The main contributions of this research are as under:
– We introduce a deep learning-based extractive and abstractive text summarization architecture for Hindi and English text documents.
– To summarize a news article, we employed a sequence-to-sequence encoder-decoder model using RNN. First, we extracted the key sentences for extractive summaries, and then we generated new sentences for abstractive summaries.
– Through experiments, we demonstrate that the proposed method outperforms other current methods and fundamental systems. The proposed method obtains a notable performance boost on the CNN News dataset, the BBC News dataset, the Hindi Text Summarization Corpus dataset, and the Indian language text summarization corpus dataset.
2 Literature Review
The use of extractive text summarization in deep neural network (DNN) information processing has gained popularity. These machine learning techniques integrate numerous nonlinear neural network (NN) layers. To function well, the DNN requires a large amount of training data.
For example, the development of DNNs such as recurrent neural networks (RNN) and convolutional neural networks (CNN) requires enormous datasets. Abstractive summary methods require NLP, machine learning, and deep learning methods [3, 8, 21] to generate and select meaning words to form new sentences.
Other recent abstractive methods are Pointer Generator [17], Pre-Training with Extracted Gap-Sentences for Abstractive Summarization (PEGASUS) [27], and T5 [23]. Nowadays, abstractive text summarization is based on a neural network that produces a neural sequence-to-sequence model. A hybrid pointer-generator network model uses this model on various datasets, including CNN and the Daily Mail.

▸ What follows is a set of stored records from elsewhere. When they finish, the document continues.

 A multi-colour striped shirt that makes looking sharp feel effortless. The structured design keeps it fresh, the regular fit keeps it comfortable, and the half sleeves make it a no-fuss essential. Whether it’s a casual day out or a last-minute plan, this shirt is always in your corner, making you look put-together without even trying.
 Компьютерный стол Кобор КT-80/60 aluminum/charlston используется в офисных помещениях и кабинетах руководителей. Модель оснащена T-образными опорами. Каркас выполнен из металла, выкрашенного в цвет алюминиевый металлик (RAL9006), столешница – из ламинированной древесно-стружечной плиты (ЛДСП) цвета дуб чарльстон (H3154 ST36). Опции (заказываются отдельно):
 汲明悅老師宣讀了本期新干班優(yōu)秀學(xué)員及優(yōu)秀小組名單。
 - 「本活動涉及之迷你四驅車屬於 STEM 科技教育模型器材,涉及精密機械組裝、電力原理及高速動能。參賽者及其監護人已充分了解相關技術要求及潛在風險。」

The PEGASUS model is a newly proposed Google model for pre-training large corpora via a transformer-based encoder-decoder model [27]. There are two key graph-based methods that yield promising results for sentence ranking: TextRank [42] and LexRank [43].
For the Indian language, these methods are domain- and language-independent [44]. Both methods select words or phrases from an input document and position them as vertices in a weighted, undirected network. Edges are then drawn between sentence pairs according to how similar they are to each other.

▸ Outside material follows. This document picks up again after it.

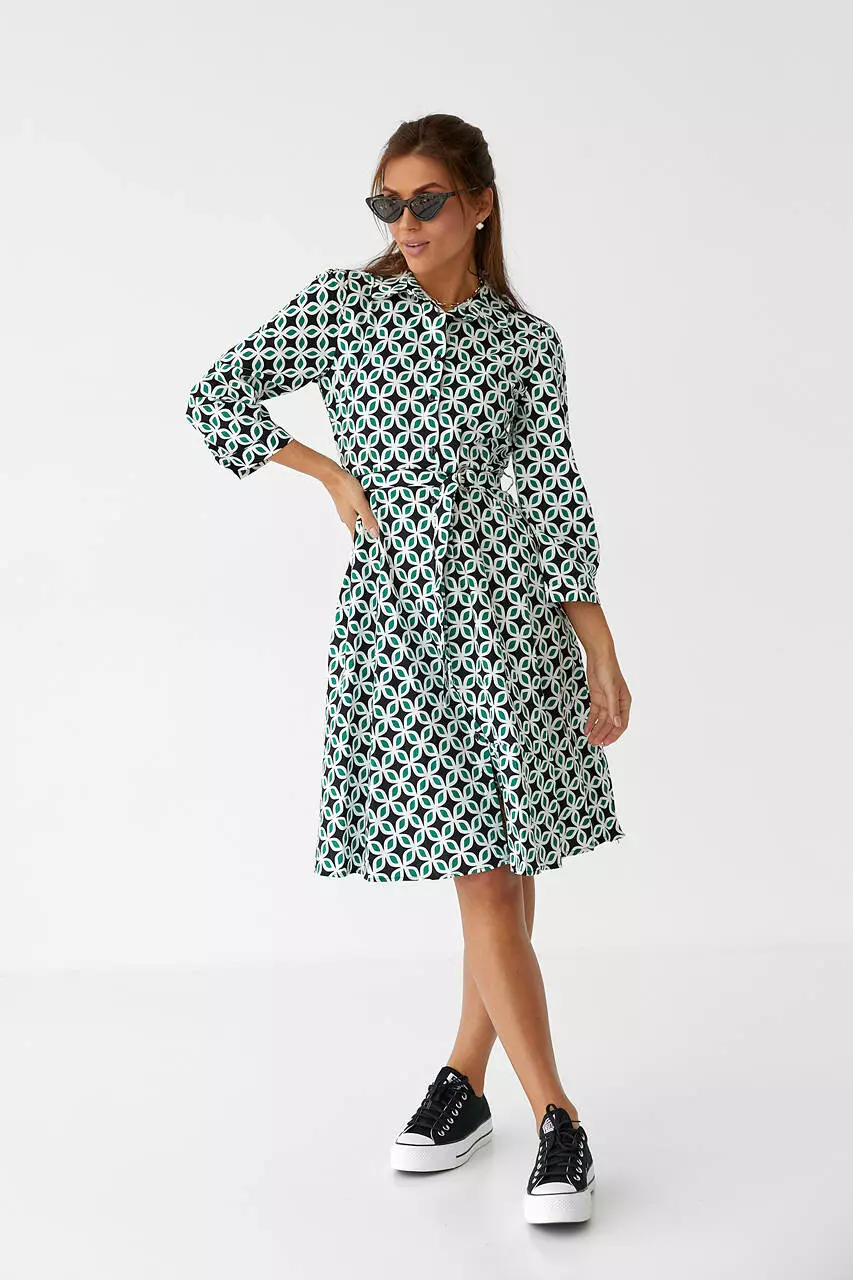 Платье миди на пуговицах под поясок hot fashion - зеленый цвет, S (есть размеры)
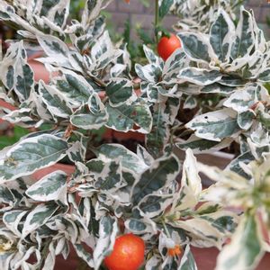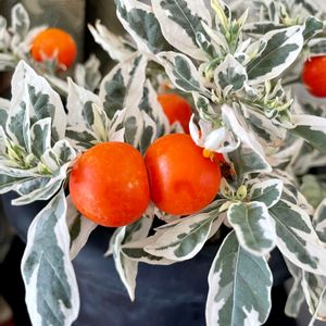 斑入りソラナム スノーサンゴ ナス科ナス属 低木一年草 斑入りの葉っぱが可愛い🥰白かった実も黄色オレンジと変化しています♪美味しそうだけど実は有毒だそう☠️ 🏷斑入りフェチ

The main difference between TextRank and LexRank is that they measure the similarity between two sentences. TextRank measures the similarity based on the similar words between two sentences, and LexRank measures the similarity by using cosine similarity.

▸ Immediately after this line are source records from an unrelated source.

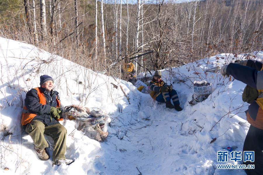 1月8日,西罗奇维修工队工作人员在作业现场坐在雪地上临时休息。新华社记者才扬摄
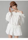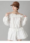 - リリー ブラウン LILY BROWN オールインワン 26春夏 デコルテフリルミニロンパース 3月上旬~下旬予約 長袖 ミニ丈 オフショルダー パンツ シャツ lwfo261163
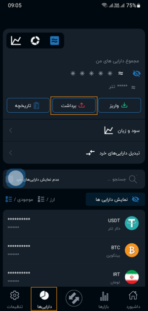 از قسمت دارایی ها روی دکمه برداشت کلیک نمایید.
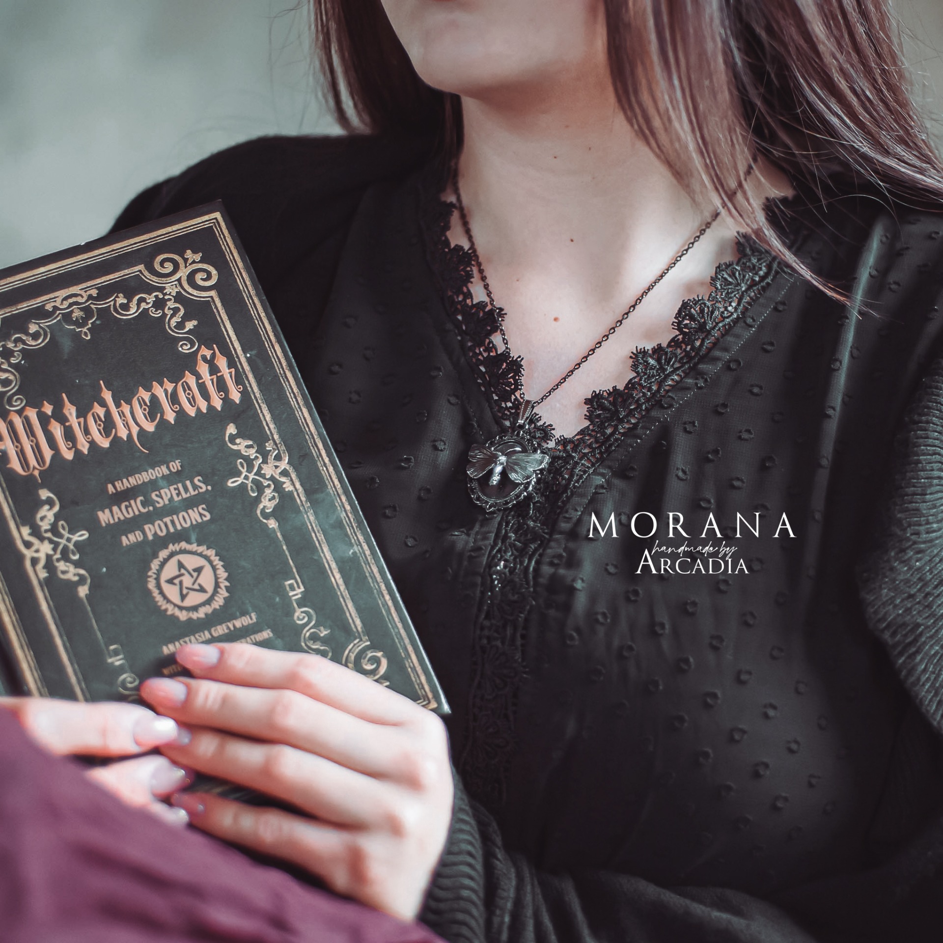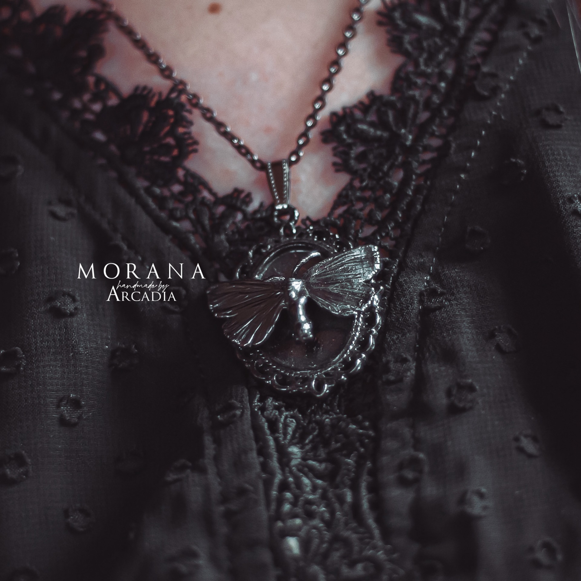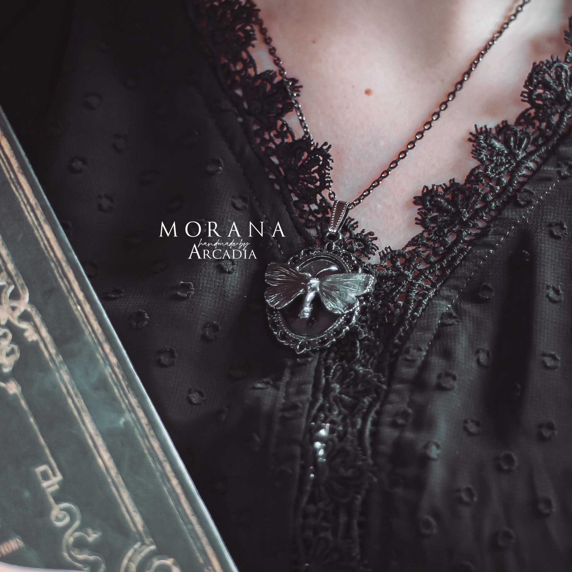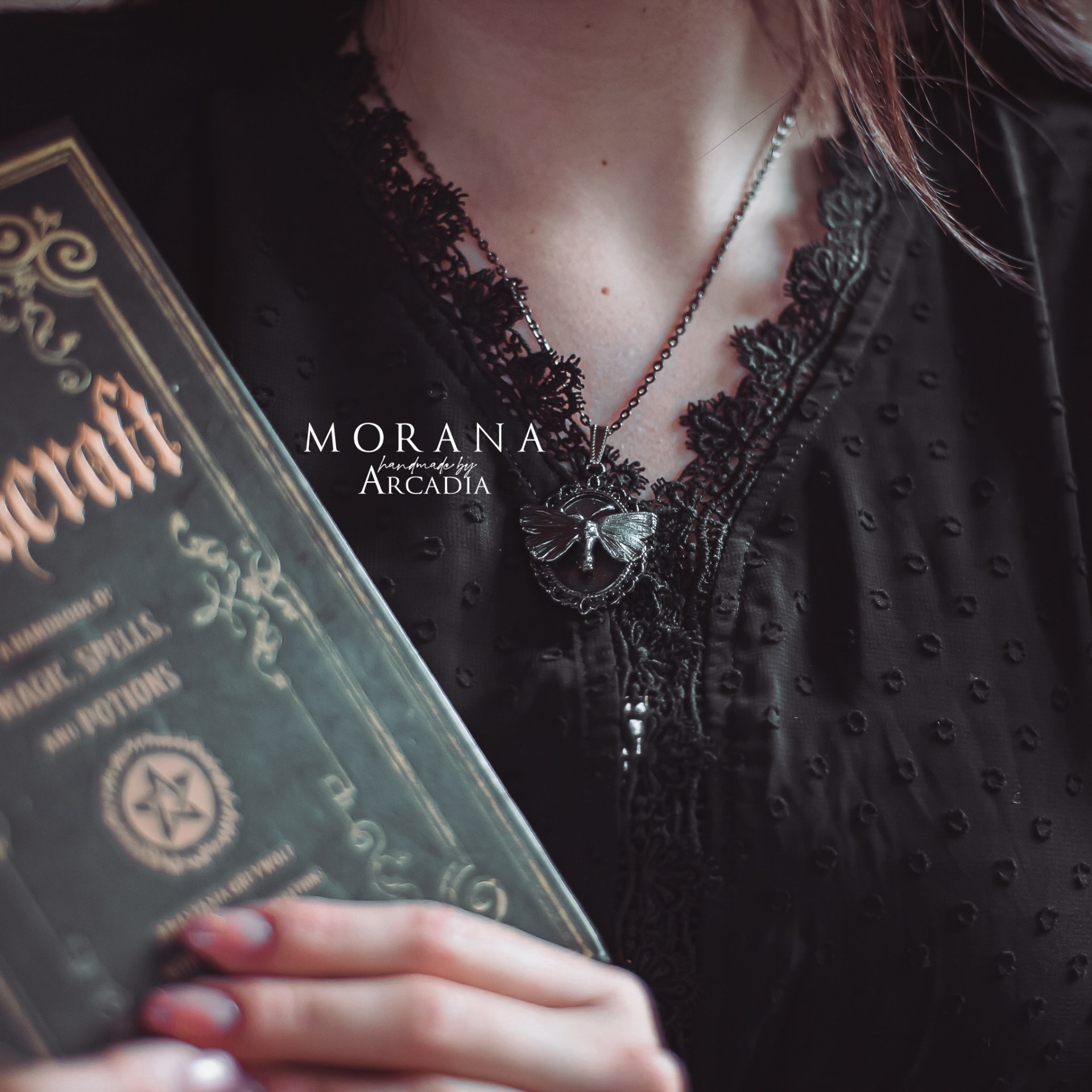 Zdobný medailonek se skutečnou pokovenou můrkou v temné gunmetal patině. Jemný bižuterní řetízek. Vyrobeno rukama a srdcem v alchymistické dílně na severu Čech.

The Google search engine uses the PageRank [45] algorithm in both methods to rank webpages and select important phrases through a random walk across a network.
Tables 1 and 2 describe previous work in extractive and abstractive text summarization based on datasets, approaches, methods, and challenges [3]. In the previous year's study, many researchers created summarizer models to generate understandable automatic text summaries. The majority of extractive text summarization uses machine learning techniques. Machine learning is considered one of the most effective techniques in most studies due to its ability to generate modern parameters.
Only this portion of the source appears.